IV L’apogée de la culture japonaise ancienne
Une architecture proprement japonaise voit le jour : le shinden-zukuri . Les palais qui sont à Heian sont en forme de U, l’architecture est en bois et en papier, les portes coulissantes sont innovées … . On organise de grands banquets dans le jardin central . Alors que les jardins à Nara étaient conçu avec une esthétique terrienne, très chinoise (montagnes et lacs), les paysages deviennent maritimes avec des étangs, des ponts des iles . Dans son traité de la création des jardins (Sokateiki) , Tachibana no Toshitsune, décrit des iles de nuage, de légère brume … et accorde un rôle important aux pierres, pour bloquer la porte des démons) .

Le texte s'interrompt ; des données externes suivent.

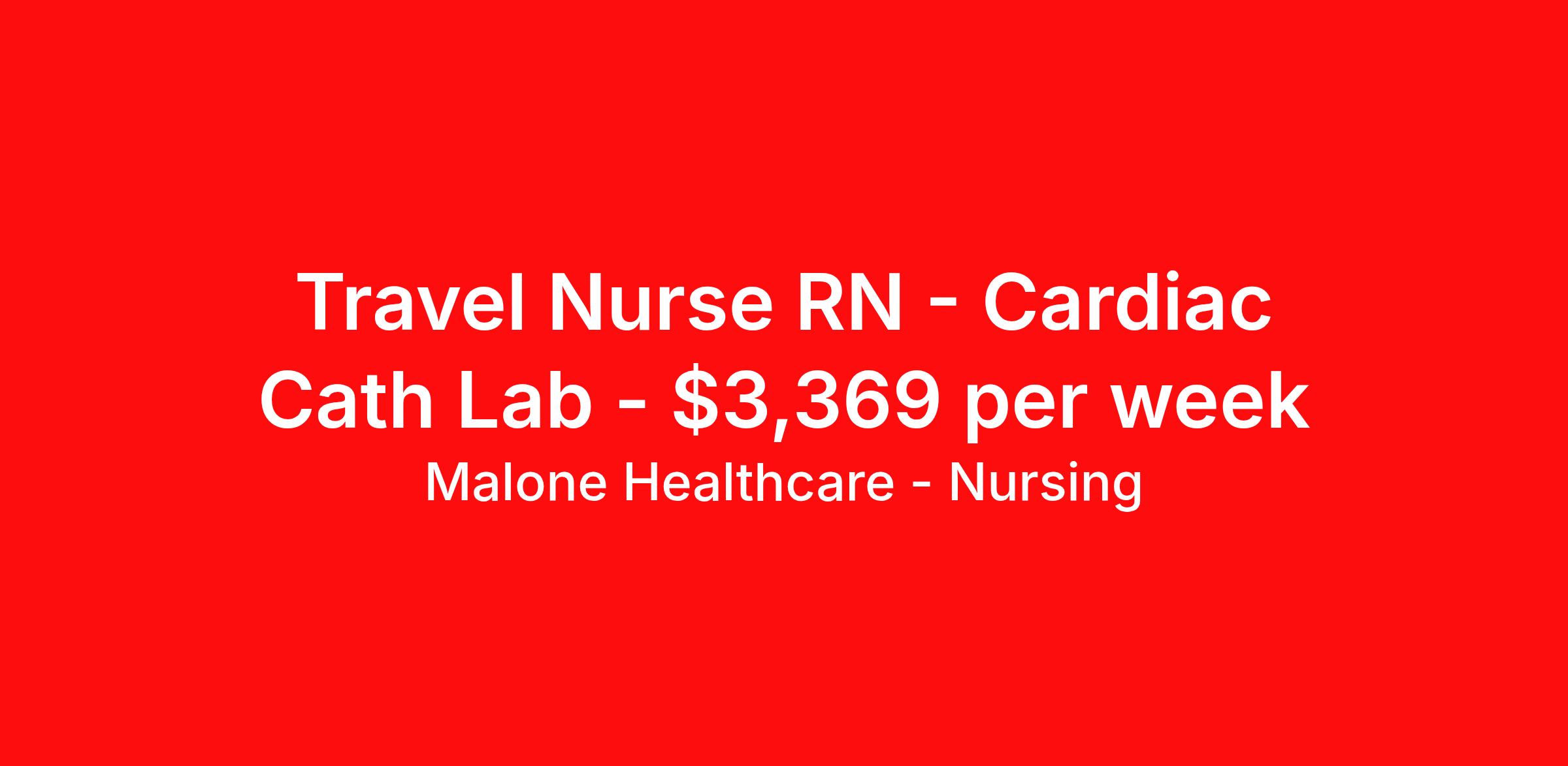 Malone Healthcare - Nursing is seeking a travel nurse RN Cardiac Cath Lab for a travel nursing job in Boston, Massachusetts. Job Description & Requirements Specialty: Cardiac Cath Lab Discipline: RN Start Date: 03/31/2026 Duration: 13 weeks 40 hours per week Shift: 10 hours, nights Employment Type: Travel Cardiac Catheterization Lab RN – Job Summary Breakdown Role Overview Registered Nurse working in the Cardiac Catheterization Lab (Cath Lab) Part of the patient care team , ensuring smooth coordination and continuity of care Focus on patient and family-centered care Key Responsibilities Assist with cardiac catheterization and interventional cardiac procedures Collaborate with physicians, techs, and other care team members Monitor and care for patients before, during, and after procedures Maintain strong communication with patients, families, and hospital staff Ensure high-quality patient care and safety Experience Requirements 2 years ICU experience (preferred) 1 year Cath Lab RN experience Travel experience preferred but not required Schedule Options 3 × 12-hour shifts OR 4 × 10-hour shifts Call Requirements Possible weeknight, weekend, and holiday call No scheduled weekend or holiday shifts During a 13-week contract , expect approximately: 1–2 weeknight call shifts total Possibly 1 weekend call (not guaranteed) Contract Length 13-week travel assignment About Malone Healthcare - Nursing With a commitment to providing a higher standard of service and experience in patient care, Malone Healthcare places expert nurses and allied health professionals in rewarding careers throughout the United States. As a leading healthcare staffing agency, Malone’s focus on compliance and integrity translates to a seamless experience for our team members and partner facilities. When you work with Malone Healthcare, you can rely on over 50 years of proven experience placing exceptional professionals in quality healthcare settings. Benefits Weekly pay Holiday Pay Guaranteed Hours Continuing Education 401k retirement plan Pet insurance Referral bonus Medical benefits Dental benefits Vision benefits License and certification reimbursement Life insurance

Et pour montrer son esprit, son sens de la répartie (indispensable pour séduire), l’on participe aux concours de poésie . D’ou une codification d’un type de poème, le waka, poème de 5 vers (alors qu’à l’époque de Nara, les formes dans le Manyoshita étaient libres i.e. de un vers à plusieurs strophes) qui joue sur le rythme et les images (des jeux de mots souvent complexes) . Le Kokinwakashu compile une partie de ces poèmes .
Kino Tsurayuki a écrit en japonais le Tosa nikki, ce qui fit scandale car à l’époque, les raffinés écrivaient en chinois) . Kino va adjoindre deux préfaces, en chinois et en japonais : la prose littéraire japonaise est née . Kino nous raconte que le spectacle de la nature nous révèle nos émotions .
C’est une époque littéraire brillante (Genji monogakari, Sei shonagon) . C’est une époque de contrastes . La pensée du mappo marque la fin de la splendeur des F. : le monde entre dans une phase de dégénérescence finale où le monde va disparaître finalement (pensée indienne) . De savants calculs monastiques prédisent l’arriver du mappo au 11ème siècle : BouddhaAmida sauvera-t-il l’âme de Fujiwarano Michinaga ? (il est mort en tenant jusqu’à la fin des cordelettes le reliant à Amida !) . Les figures infernales (jigoku-e) fleurissent et des écrits tels l’Ojoyoshu montrent l’inquiétude grandissant de la société . C’est de cette manière que certains voient les guerriers, qui vont faire irruption sur la scène politique : l’époque des shoguns et des samourai arrive.